Which was true. Wow! These psychics are something.

“‘I want humdahumdah,’ you say, and you always know what is the humdahumdah. You don’t say, ‘I want, uh, the whatever it is I have a want for.’ I want world peace. What you got is a need. Needs are what you find out later you had to have.”

“Because they’re unconscious.”

“Did Schmoid fuck everybody up? Unconscious is when you’re hit on the head with a brick. Unconscious is when they operate on your gall bladder. Nonconscious maybe. Unconscious no. Will you listen? We only got to the end of the bridge.”

Chastened, listened.

“You feel restless, itchy, a fault about to slip, you don’t know what is this feeling about. Then one day, you do something you don’t understand, something you didn’t plan — God gets no good laugh. Maybe what you do looks like a want. You think, I want a car. A Mercedes 230SL, just kidding, a car you can afford. But you are not buying a car to get a car. Later, very much often later, what does it turn out why you got that car? You needed it to drive away from something. Or somebody. Or to someone or somewhere. Or you don’t buy a car. You blurt out the truth you didn’t want to.

“And no one is surprised as you. Who could be surprised by satisfying of a want? I want a hi-fi, I buy a hi-fi, big surprise. But a need? They pop up like trolls at a toll booth.”

The City phosphoresced before them.

“You want example? I give you. 1963. You want a dress. You take the IND downtown to Macy’s with your best friend whatsher”

“Carol.”

“Right. You find the dress, a beautiful dark mossy green, nu? Back home, out of the Macy’s bag, natural light, the color is shmutz. All a sudden, the Bronx looks like shmutz, a good place to run away from. You’re 19. Am I right? You want you want you want you want. To end racial discrimination. You want to help Negroes in the South, nu? You have this feeling, this funny feeling, you have lost something you never had. Never in your life did you have this thing and you lost it already. How can that be? But it’s true. Not like virginity. Virginity you had, you lost it, that was a want. That’s the summer you’re making up dirty words to songs and you’re singing Shut up and shove it up, remember?”

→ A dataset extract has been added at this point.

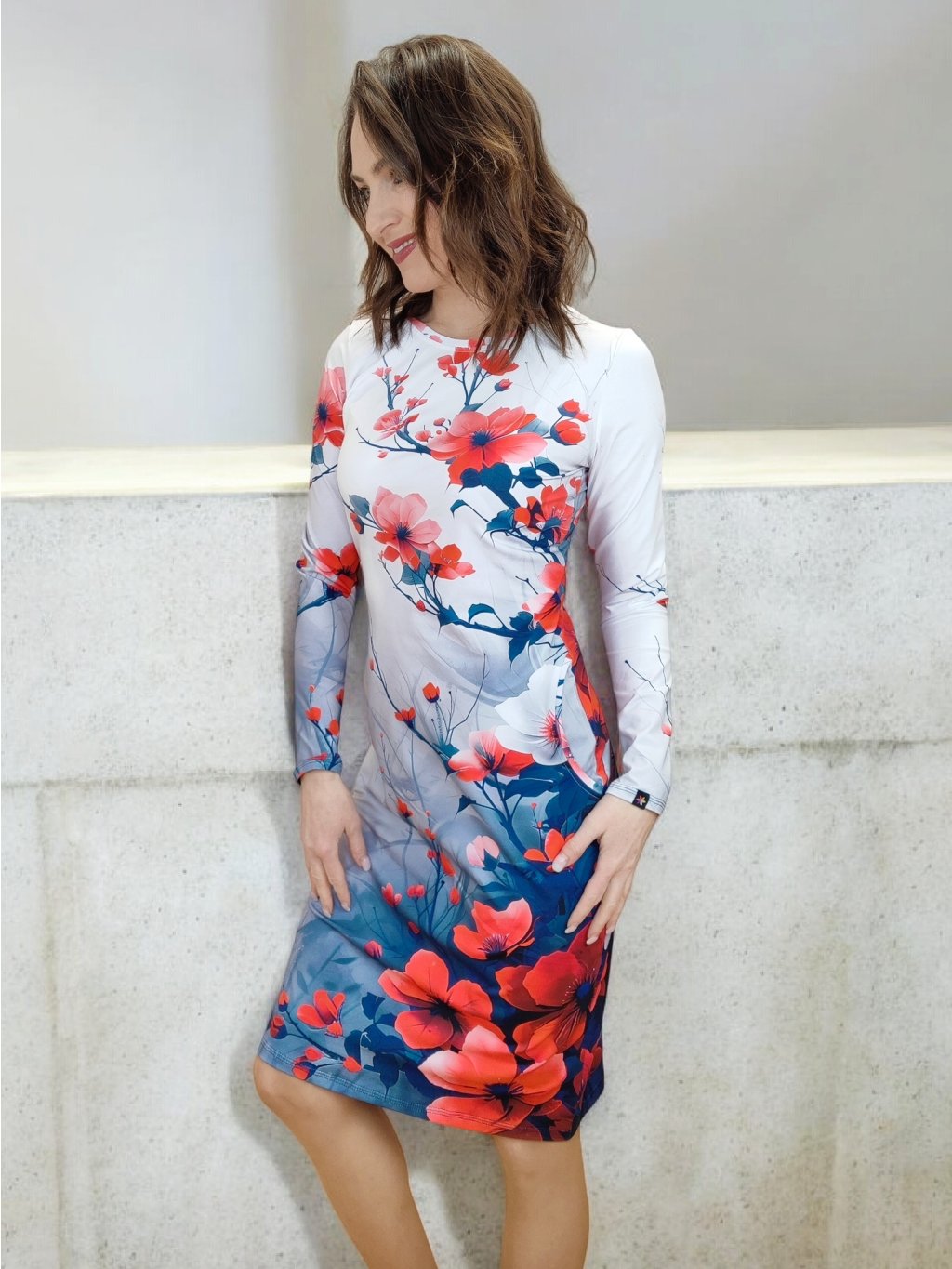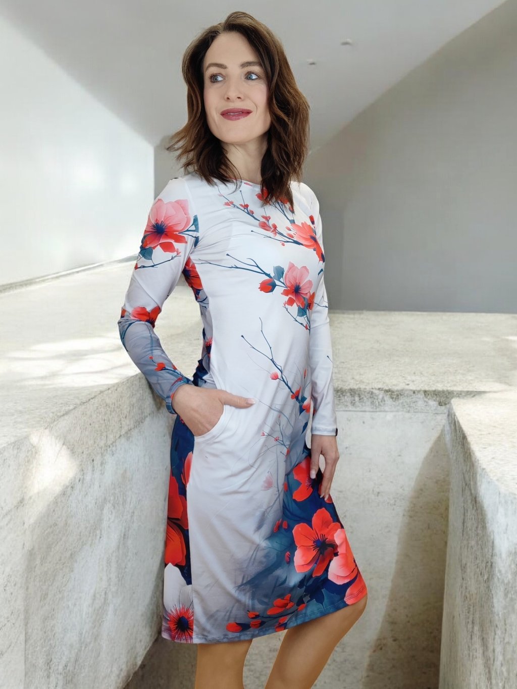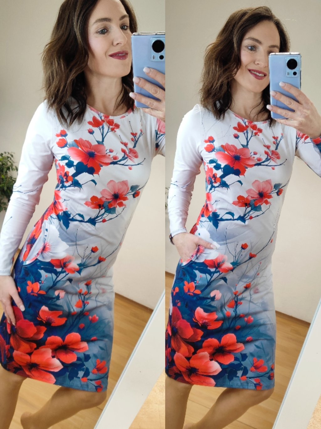 Šaty mají střih, který tvaruje siluetu, ale zůstává pohodlný i při celodenním nošení. Délku šatů si můžete zvolit podle sebe — až do 105 cm, stejně jako délku a typ rukávu. Praktické kapsy dodávají modelu uvolněnost i funkčnost. Všechny varianty jsou šité s důrazem na kvalitu, detail a preciznost – jak je u naší lokální značky ŠatySukně samozřejmostí.

She did, and San Francisco seemed no closer.

“The loss of a thing you never had, that’s a different horse. You go to Mississippi to help Negroes. Did you help Negroes?”

“Little bit,” said Cathy.

“Little bit. A want. Which was right. On the other hand, did you find, did you discover in finding it, something you lost what you didn’t know you needed, what you never had?”

Yes, yes, yes.

“So we aren’t what we want, nu? We are what we find out later we needed. Turn off at Bryant.”

The billboard said Dean Martin would soon appear at the Sands in Vegas. They were on Bryant Street, the passenger door opened.

“Wait,” said Cathy.

“Advice I am not offering,” said the troll. “Don’t get greedy.”


a loss

A week later, at the apogee of summer, Cathy, having sucked Jimmy’s cock to a glowing fever, lay back and raised her legs, displaying upon her upper thighs an array of thumb and fingerprints put there by a man not Jimmy. Jimmy’s cock demanded he do what he was about to do, then ask. After, he rolled on his side and inquired with astonished grace as to who might have left those fierce prints on her beautiful legs.

No one was as surprised as she.

“DC,” she said.

No one was as surprised as Jimmy to say, “I don’t have a right to be outraged, do I?”

No one was as surprised as both to find themselves agreeing to separate “for a while” from the person each loved more than anyone — the other — over so surprisingly inevitable and mutual an event.

Meshugge, that’s what everybody said.